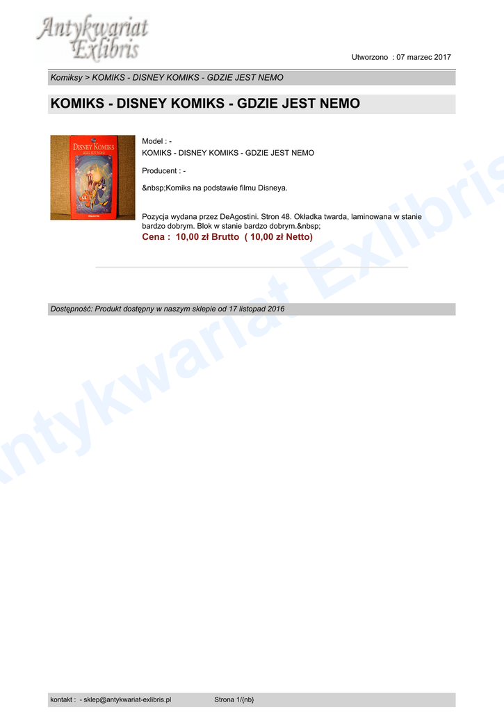 Utworzono : 07 marzec 2017 Komiksy > KOMIKS - DISNEY KOMIKS - GDZIE JEST NEMO KOMIKS - DISNEY KOMIKS - GDZIE JEST NEMO Model : - s i r b KOMIKS - DISNEY KOMIKS - GDZIE JEST NEMO Producent :  Komiks na podstawie filmu Disneya. i l x Pozycja wydana przez DeAgostini. Stron 48. Okładka twarda, laminowana w stanie bardzo dobrym. Blok w stanie bardzo dobrym.  Cena : 10,00 zł Brutto ( 10,00 zł Netto) E t a i r a w k y t n A Dostępność: Produkt dostępny w naszym sklepie od 17 listopad 2016 kontakt : - [email protected] Strona 1/{nb}
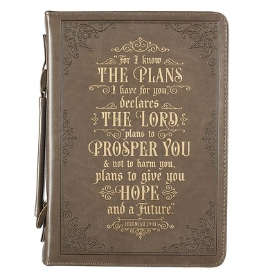 Bible Cover Medium Taupe I Know the Plans Jeremiah 29
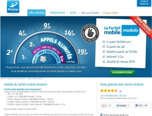 Prixtel vient de modifier son forfait mobile qui devient très interessant .. En effet le forfait modulo sans engagement s’ajuste chaque mois en fonction de la consommation de l’utilisateur entre 2 et 19.90 euros .. Ce qui est très intéressant c’est que la tarification la plus élevée propose des prestations identiques aux forfaits de bandyou et de freemobile aux mêmes prix .. A savoir Appels Illimités , sms mms illimités et 3go de traffic internet ..
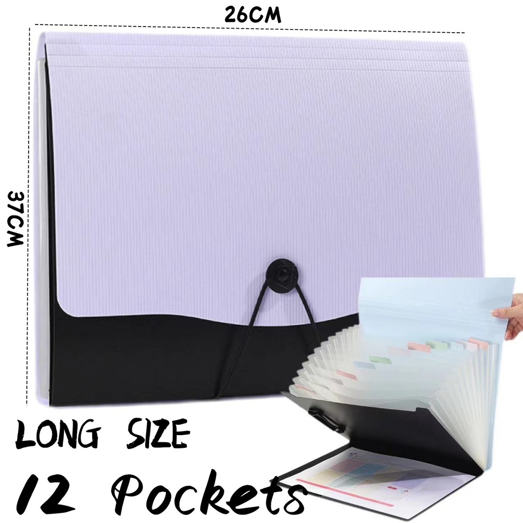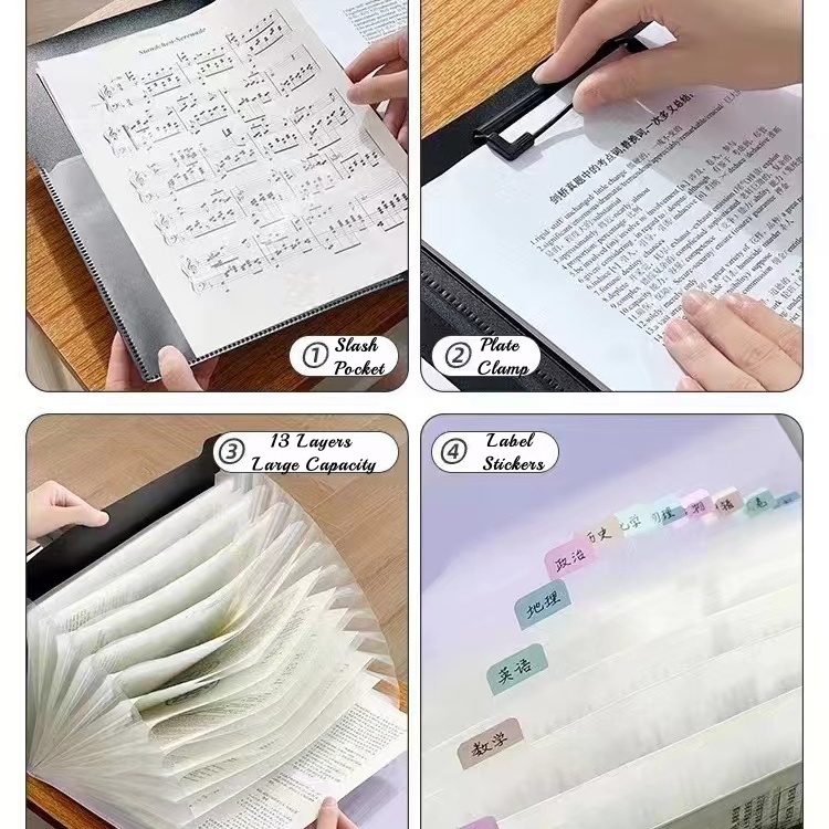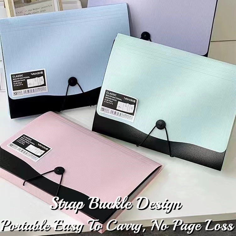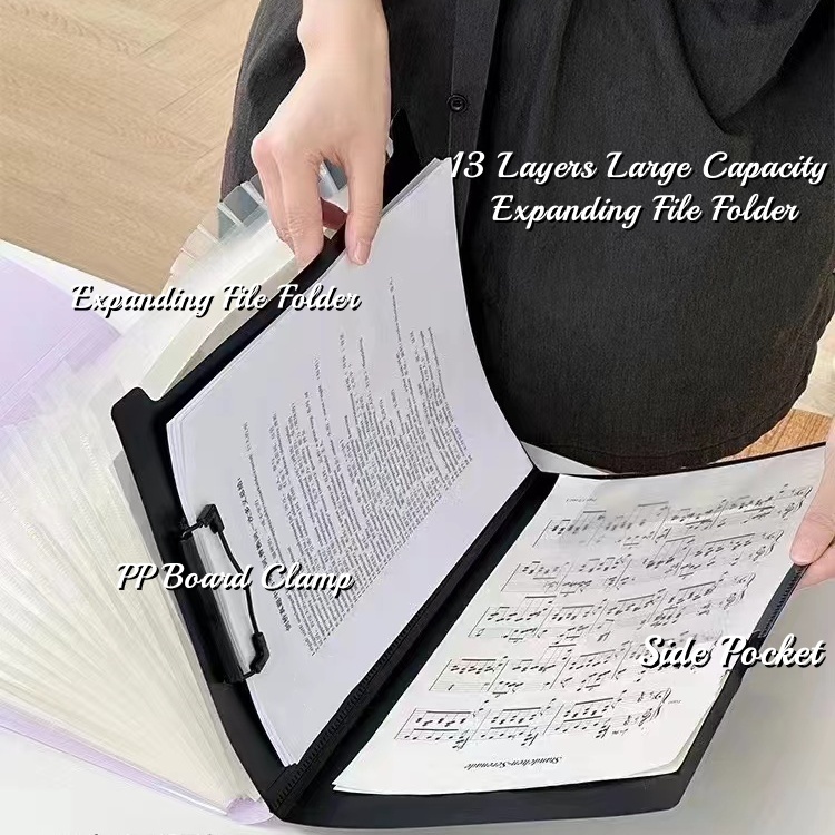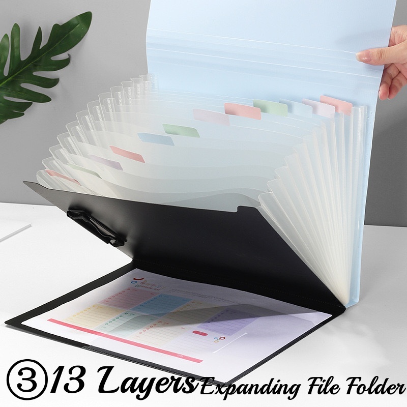 3 in 1 Long Expanding File Folder Organizer Paper Organizer with Clip Board+Side Pocket 13 Layers
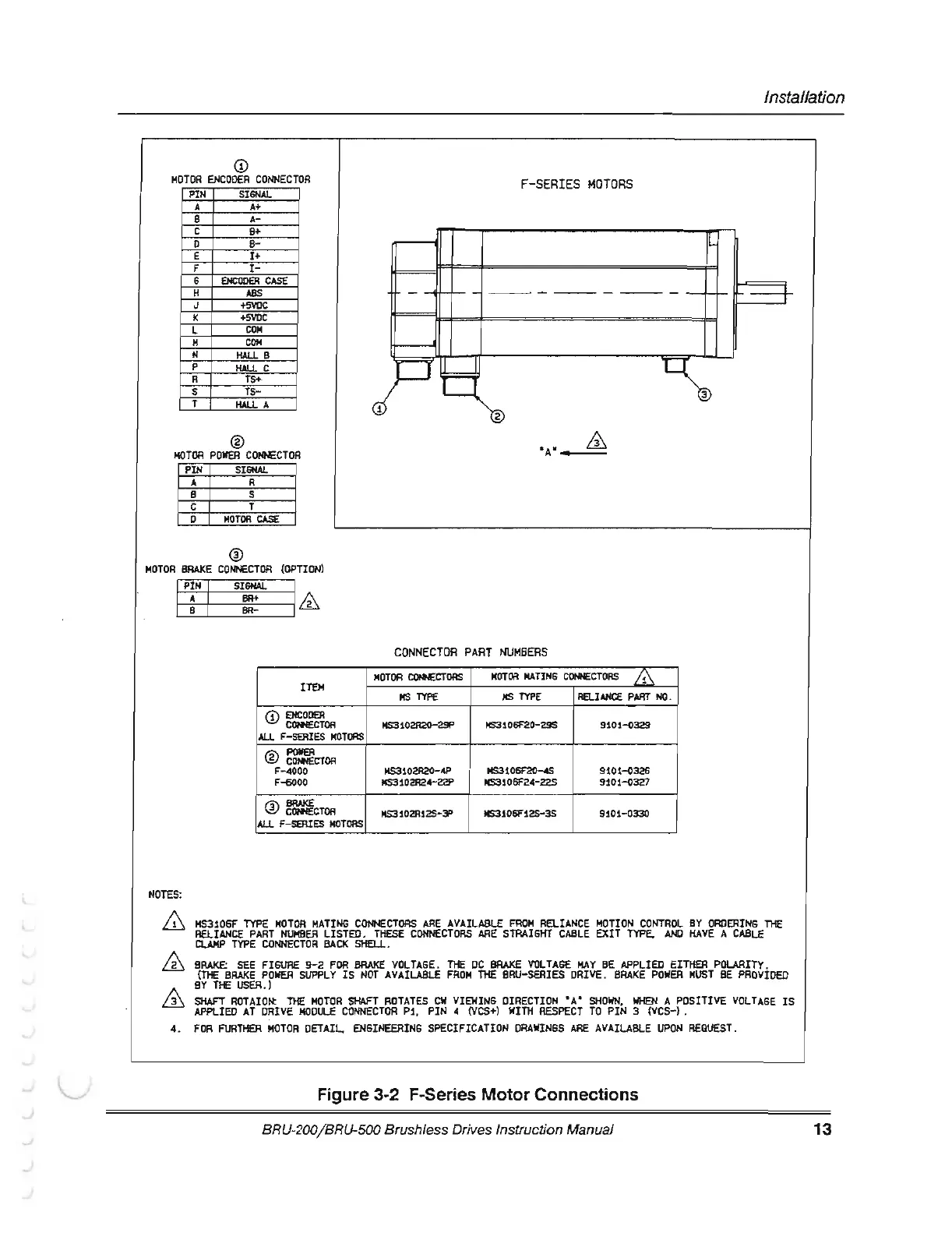 Electro-Craft BRU-500 - Figure 3-2 F-Series Motor Connections

---

### WHAT IS REQUIRED
Exclude images. Return the data above verbatim.

### OUTPUT OF THE EXERCISE
 Utworzono : 07 marzec 2017 Komiksy > KOMIKS - DISNEY KOMIKS - GDZIE JEST NEMO KOMIKS - DISNEY KOMIKS - GDZIE JEST NEMO Model : - s i r b KOMIKS - DISNEY KOMIKS - GDZIE JEST NEMO Producent :  Komiks na podstawie filmu Disneya. i l x Pozycja wydana przez DeAgostini. Stron 48. Okładka twarda, laminowana w stanie bardzo dobrym. Blok w stanie bardzo dobrym.  Cena : 10,00 zł Brutto ( 10,00 zł Netto) E t a i r a w k y t n A Dostępność: Produkt dostępny w naszym sklepie od 17 listopad 2016 kontakt : - [email protected] Strona 1/{nb}
 Bible Cover Medium Taupe I Know the Plans Jeremiah 29
 Prixtel vient de modifier son forfait mobile qui devient très interessant .. En effet le forfait modulo sans engagement s’ajuste chaque mois en fonction de la consommation de l’utilisateur entre 2 et 19.90 euros .. Ce qui est très intéressant c’est que la tarification la plus élevée propose des prestations identiques aux forfaits de bandyou et de freemobile aux mêmes prix .. A savoir Appels Illimités , sms mms illimités et 3go de traffic internet ..
 3 in 1 Long Expanding File Folder Organizer Paper Organizer with Clip Board+Side Pocket 13 Layers
 Electro-Craft BRU-500 - Figure 3-2 F-Series Motor Connections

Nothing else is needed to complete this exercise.